**Data to examine**
+++++

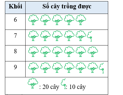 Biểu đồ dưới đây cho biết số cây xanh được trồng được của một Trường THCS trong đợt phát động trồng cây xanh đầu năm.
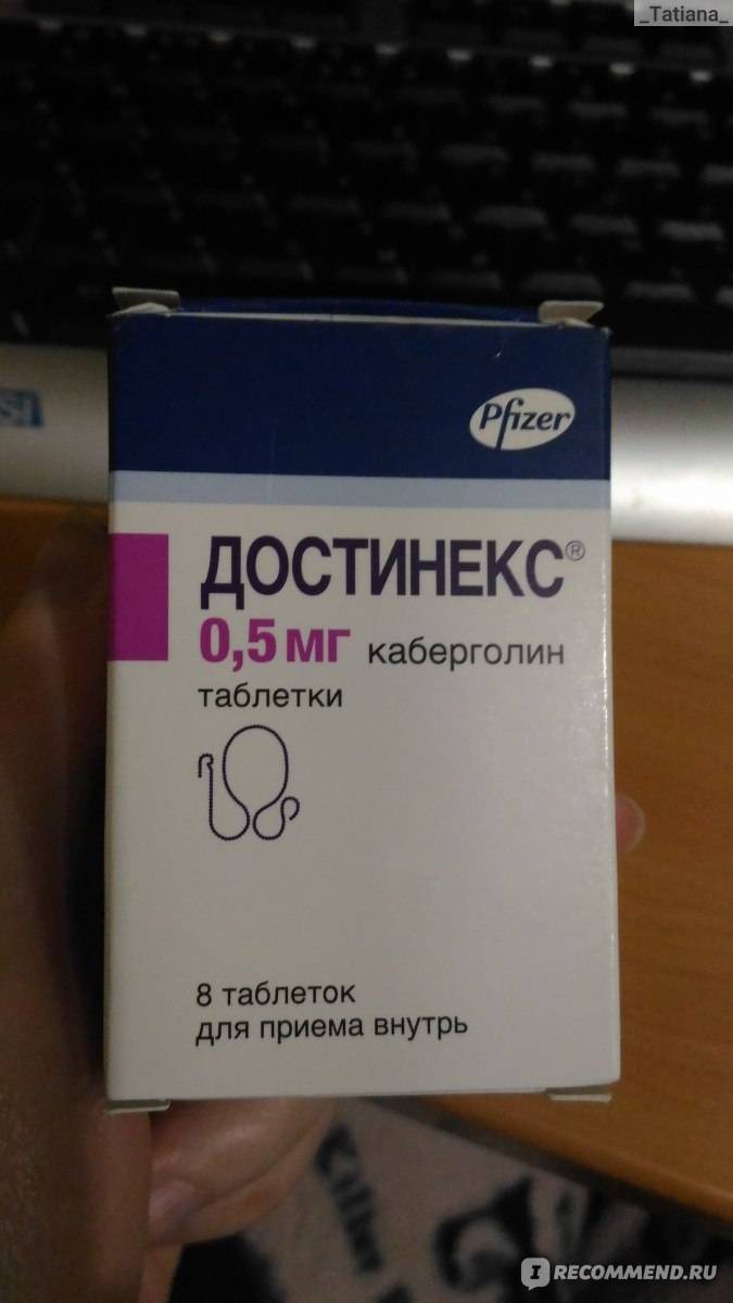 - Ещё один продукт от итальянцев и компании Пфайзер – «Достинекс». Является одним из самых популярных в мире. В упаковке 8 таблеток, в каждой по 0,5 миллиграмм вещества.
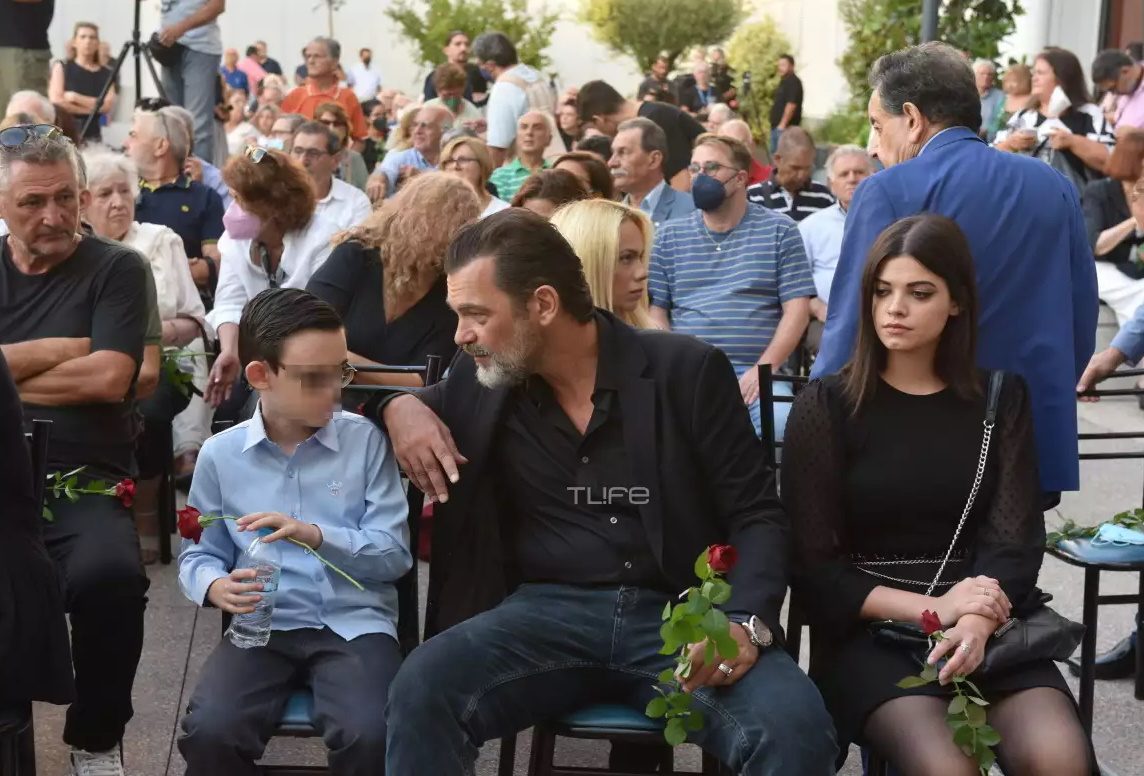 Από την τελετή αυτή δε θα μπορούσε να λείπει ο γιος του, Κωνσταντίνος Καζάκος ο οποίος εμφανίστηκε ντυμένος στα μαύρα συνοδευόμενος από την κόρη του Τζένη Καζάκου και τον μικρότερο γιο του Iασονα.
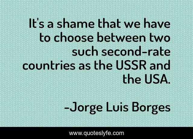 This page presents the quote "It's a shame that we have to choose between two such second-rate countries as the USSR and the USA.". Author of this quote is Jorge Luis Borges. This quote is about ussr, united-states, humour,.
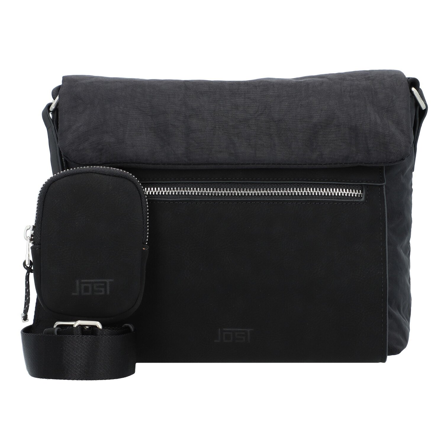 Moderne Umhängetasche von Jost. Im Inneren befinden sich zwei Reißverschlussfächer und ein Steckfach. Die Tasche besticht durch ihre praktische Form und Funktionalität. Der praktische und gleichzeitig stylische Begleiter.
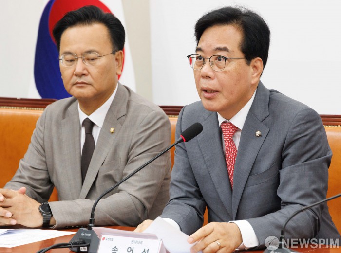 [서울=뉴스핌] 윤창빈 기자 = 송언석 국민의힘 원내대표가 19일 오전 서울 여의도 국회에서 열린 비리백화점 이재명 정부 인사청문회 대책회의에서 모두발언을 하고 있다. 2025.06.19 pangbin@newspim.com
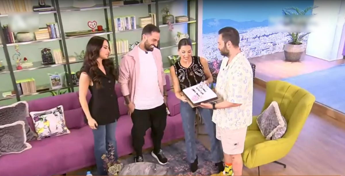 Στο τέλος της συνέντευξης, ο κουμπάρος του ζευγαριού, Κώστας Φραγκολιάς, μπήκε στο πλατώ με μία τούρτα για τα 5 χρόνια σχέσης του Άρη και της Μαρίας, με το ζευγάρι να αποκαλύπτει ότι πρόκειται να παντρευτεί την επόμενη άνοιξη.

+++++

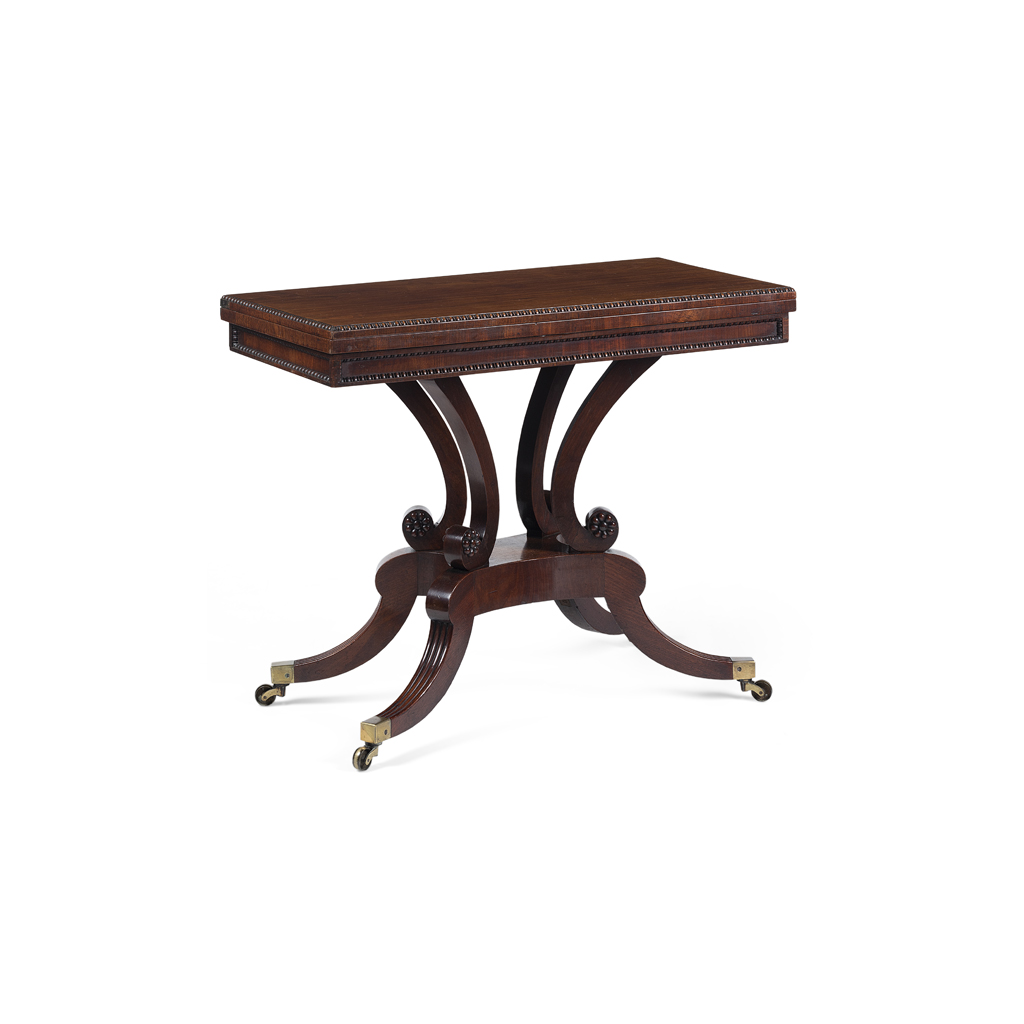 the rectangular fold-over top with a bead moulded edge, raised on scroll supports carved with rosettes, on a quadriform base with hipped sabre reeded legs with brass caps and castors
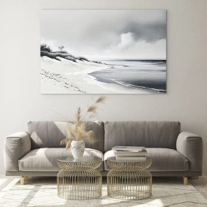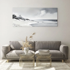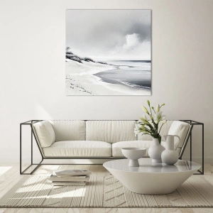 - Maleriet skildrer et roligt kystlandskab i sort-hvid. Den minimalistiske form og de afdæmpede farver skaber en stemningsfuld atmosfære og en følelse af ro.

+++++

**Task directions**
Range to copy from the listing above: the line containing "- Ещё один продукт" down to the line containing "[서울=뉴스핌] 윤창빈 기자", both included. Reproduce it exactly, minus the pictures, and add nothing.

**Completed exercise**
 - Ещё один продукт от итальянцев и компании Пфайзер – «Достинекс». Является одним из самых популярных в мире. В упаковке 8 таблеток, в каждой по 0,5 миллиграмм вещества.
 Από την τελετή αυτή δε θα μπορούσε να λείπει ο γιος του, Κωνσταντίνος Καζάκος ο οποίος εμφανίστηκε ντυμένος στα μαύρα συνοδευόμενος από την κόρη του Τζένη Καζάκου και τον μικρότερο γιο του Iασονα.
 This page presents the quote "It's a shame that we have to choose between two such second-rate countries as the USSR and the USA.". Author of this quote is Jorge Luis Borges. This quote is about ussr, united-states, humour,.
 Moderne Umhängetasche von Jost. Im Inneren befinden sich zwei Reißverschlussfächer und ein Steckfach. Die Tasche besticht durch ihre praktische Form und Funktionalität. Der praktische und gleichzeitig stylische Begleiter.
 [서울=뉴스핌] 윤창빈 기자 = 송언석 국민의힘 원내대표가 19일 오전 서울 여의도 국회에서 열린 비리백화점 이재명 정부 인사청문회 대책회의에서 모두발언을 하고 있다. 2025.06.19 pangbin@newspim.com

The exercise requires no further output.